=== Exercise description ===
The records below must be copied in full; omit the images.

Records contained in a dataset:
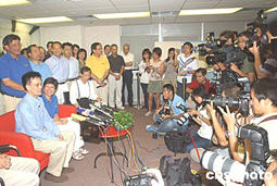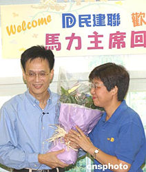 民建聯(lián)主席馬力早時在內(nèi)地接受切除結(jié)腸癌手術﹐28日出院返回香港﹐民建聯(lián)中常委在總部設歡迎會﹐歡迎馬力主席手術成功返港﹐蔡素玉向馬力送花。中新社記者:趙振清
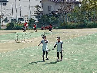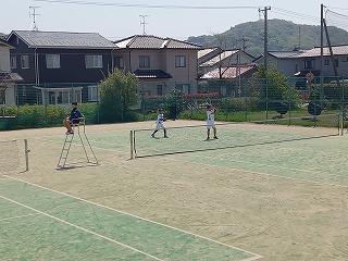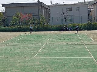 津幡南中学校テニスコートで、河北郡市中学校ソフトテニス春季大会(女子)の団体戦が行われました。
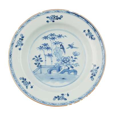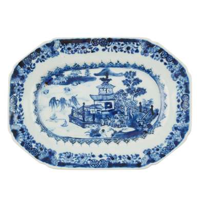 comprising: two rounded plates decorated with pavilions adjacent to a river surrounded by trees; four rounded plates painted with flowers to the interior; a rectangular plate painted with a fenced pavilion adjacent to a river
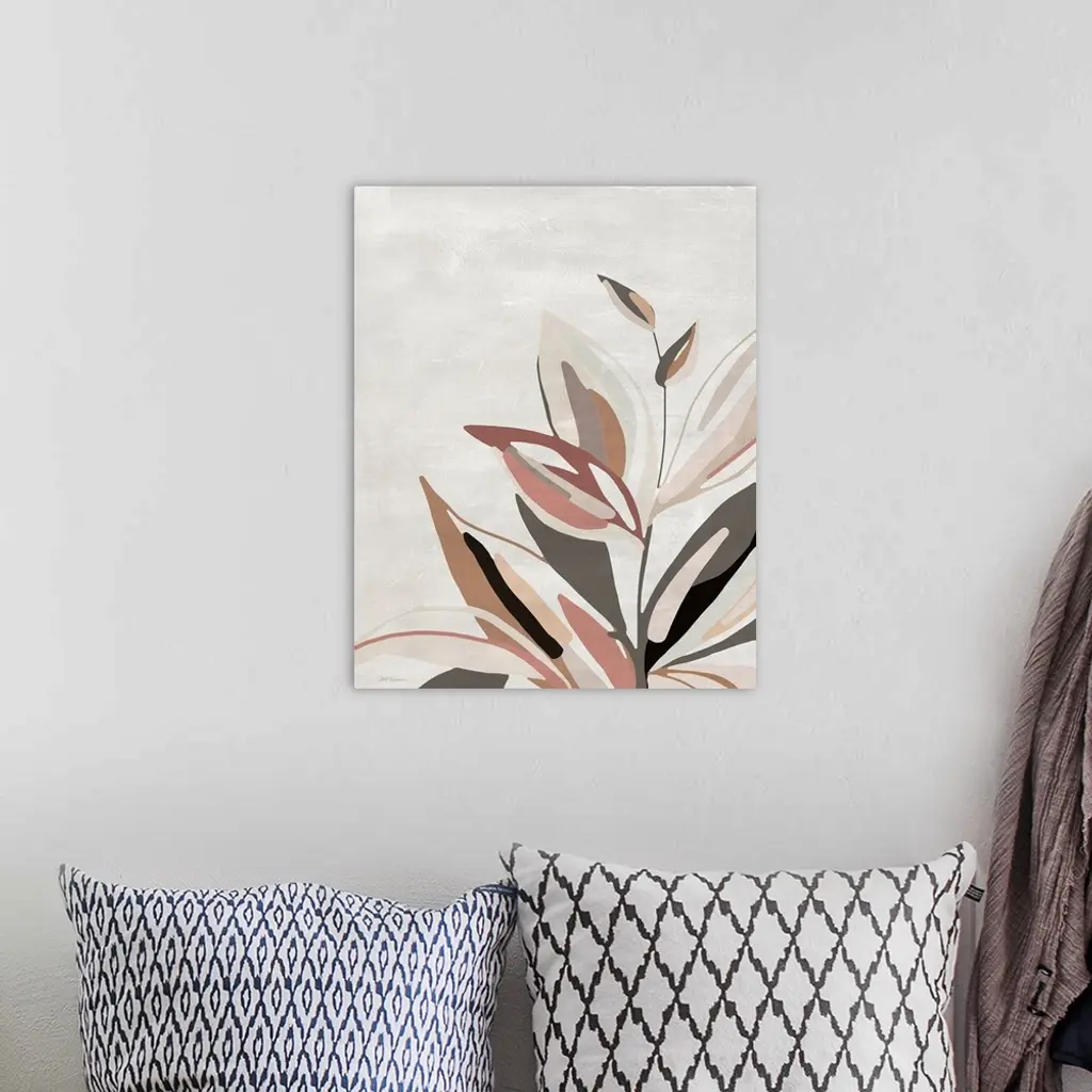 A beautiful and serene illustration of a flowering stem in shades of rust and olive green on a neutral grey background
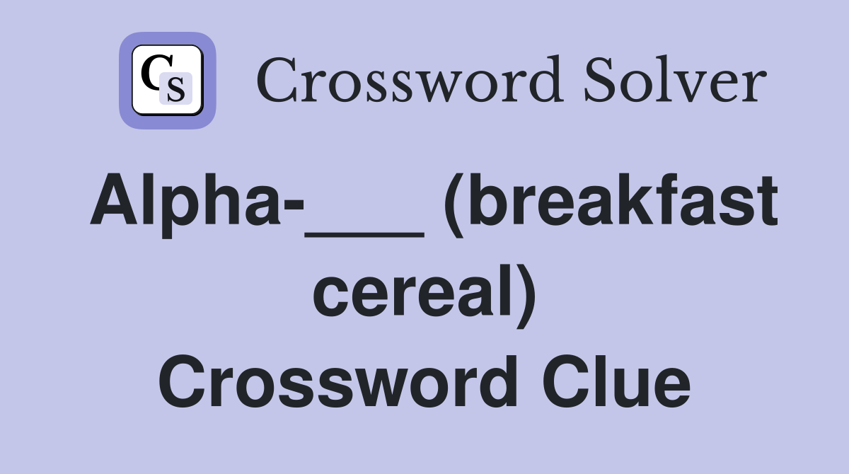 Alpha (breakfast cereal) Crossword Clue Answers Crossword Solver
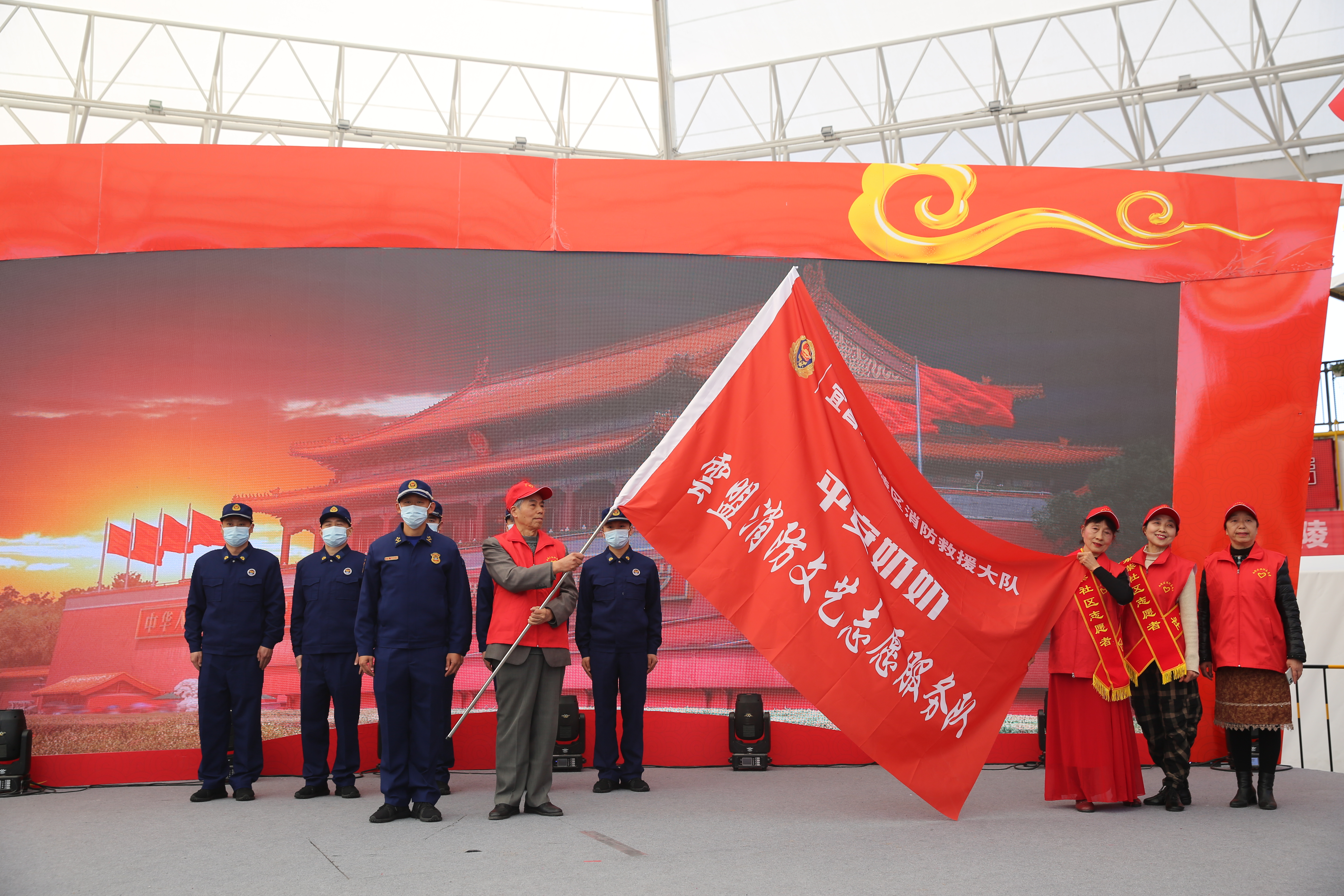 活動(dòng)最后,西陵區(qū)消防救援大隊(duì)向“平安奶奶”云盟消防救援文藝志愿服務(wù)隊(duì)授旗,并呼吁大家積極消防救援法律法規(guī)和相關(guān)知識(shí)的學(xué)習(xí),全面提高消防安全意識(shí),保障自身生命安全,共建幸福美好明天。

=== Exercise solution ===
 民建聯(lián)主席馬力早時在內(nèi)地接受切除結(jié)腸癌手術﹐28日出院返回香港﹐民建聯(lián)中常委在總部設歡迎會﹐歡迎馬力主席手術成功返港﹐蔡素玉向馬力送花。中新社記者:趙振清
 津幡南中学校テニスコートで、河北郡市中学校ソフトテニス春季大会(女子)の団体戦が行われました。
 comprising: two rounded plates decorated with pavilions adjacent to a river surrounded by trees; four rounded plates painted with flowers to the interior; a rectangular plate painted with a fenced pavilion adjacent to a river
 A beautiful and serene illustration of a flowering stem in shades of rust and olive green on a neutral grey background
 Alpha (breakfast cereal) Crossword Clue Answers Crossword Solver
 活動(dòng)最后,西陵區(qū)消防救援大隊(duì)向“平安奶奶”云盟消防救援文藝志愿服務(wù)隊(duì)授旗,并呼吁大家積極消防救援法律法規(guī)和相關(guān)知識(shí)的學(xué)習(xí),全面提高消防安全意識(shí),保障自身生命安全,共建幸福美好明天。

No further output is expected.